В 1979 году Кристофер Коннолли стал соучредителем британской психологической консультации для помощи тем, кто стремится достичь больших высот (изначально – спортсменам, но позже и специалистам других сфер). С течением лет Коннолли задался вопросом, почему некоторые профессионалы с трудом ориентировались за пределами своей узкой области, тогда как другие были твердо намерены расширить поле деятельности – например, перейдя из оркестра мирового класса в передвижной. Спустя тридцать лет с начала своей деятельности Конноли вернулся в академическую сферу, чтобы писать исследование именно на эту тему под руководством Фернана Гобе, психолога и мастера спорта по шахматам мирового класса. Прежде всего Конноли установил, что на заре своей карьеры те, кто впоследствии успешно сменил вид деятельности, проходили обширную тренировку и были заняты в различных сферах, даже если у них и была некая приоритетная специальность. По выражению Коннолли, «они следовали по восьмиполосному шоссе», а не по улице с односторонним движением. У них был широкий спектр интересов. Те, кому лучше всего удавалось адаптироваться, умели творчески применять знания из одной области к решению задач из другой, и это помогало избежать когнитивного укрепления. Они использовали то, что Хогарт назвал «предохранителем»: черпали вдохновение из внешнего опыта и аналогий, чтобы избежать повторения устаревших решений, утративших свою эффективность. Их мастерство заключалось в том, чтобы избегать отжившие схемы.

В этом «злом» мире с мутно очерченными задачами и набором жестких правил именно широкий спектр навыков может стать ключом к успеху.

Разумеется, мысль о том, что мир устроен как шахматы или гольф, вселяет определенное утешение. Подобная установка подходит тем, кто твердо верит в «добрый» мир и находится под влиянием убедительных книжек. Но там, где их влияние кончается, начинается измерение, где самый популярный вид спорта – «марсианский теннис», а вместе с ним приходит осознание того, как современный мир стал таким «злым».

Глава 2
Как появился «злой» мир

Город Данидин расположен в долине холмистой части Южного острова Новой Зеландии, посреди Тихого океана. Эта земля славится желтоглазыми пингвинами, а жители Данидина, не скромничая, заявляют о том, что именно в их городе находится жилая улица с самым крутым рельефом. Еще здесь расположен Университет Отаго – старейший в Новой Зеландии – и дом Джеймса Флинна, профессора политологии, который радикально перевернул представление психологов о мыслительном процессе.

Он начал свои изыскания в 1981 году, обнаружив работу тридцатилетней давности, в которой приводились результаты IQ-тестирования солдат Первой и Второй мировых войн. При этом солдаты Второй мировой показали себя намного лучше. Один из участников Первой мировой, набравший 50 %, не заработал бы и 22 %, случись ему выполнять задание вместе с солдатами Второй мировой. Тогда Флинн задался вопросом: а не произошла ли и среди гражданских подобная эволюция? «Я подумал: если уровень IQ повысился повсеместно, может быть, и сами они рассыпались по миру, – писал он. – И если это так, то психологи явно не замечали чего-то очень важного прямо у себя под носом».

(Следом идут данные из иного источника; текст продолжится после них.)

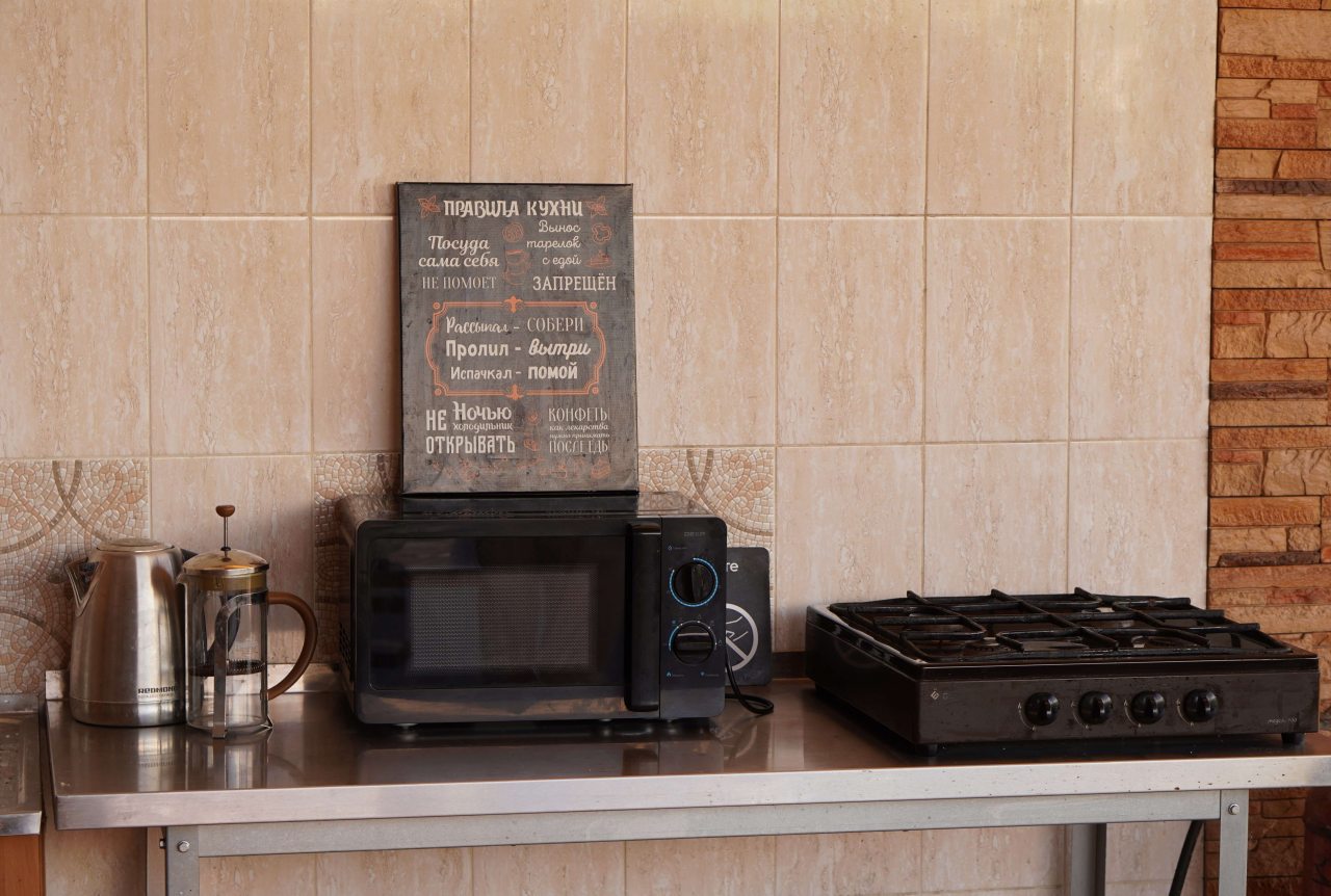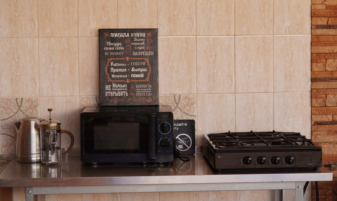 В номерах есть холодильник и чайный набор. На свежем воздухе оборудована мангальная зона с беседками и кухня со всем необходимым для приготовления. Ближайшее кафе в 1,2 м от гостевого дома.

Флинн стал писать исследователям из других стран, прося их об информации, и вот однажды, в ноябре 1984 года обнаружил в своем почтовм ящике письмо. Оно было от голландского ученого, и в нем были данные, полученные за годы проведения IQ-тестов среди молодых нидерландцев. Данные были результатом теста под названием «Прогрессивные матрицы Рейвена», разработанные с целью проверки способности участников находить смысл в сложности. Каждый вопрос теста включает серию абстрактных рисунков, при этом один рисунок отсутствует. Испытуемый должен постараться заполнить недостающие участки, чтобы получить готовую картинку. Тест Рейвена задумывался как наглядная демонстрация «урезанного» культурного теста; при этом производительность не должна страдать от материального знания жизни как внутри школы, так и за ее пределами. Если бы марсианам вдруг вздумалось высадиться на Земле, Рейвен не упустил бы возможности проверить их умственные способности. И все же Флинн сразу понял, что молодой голландец совершил невероятный скачок между одним поколением и другим.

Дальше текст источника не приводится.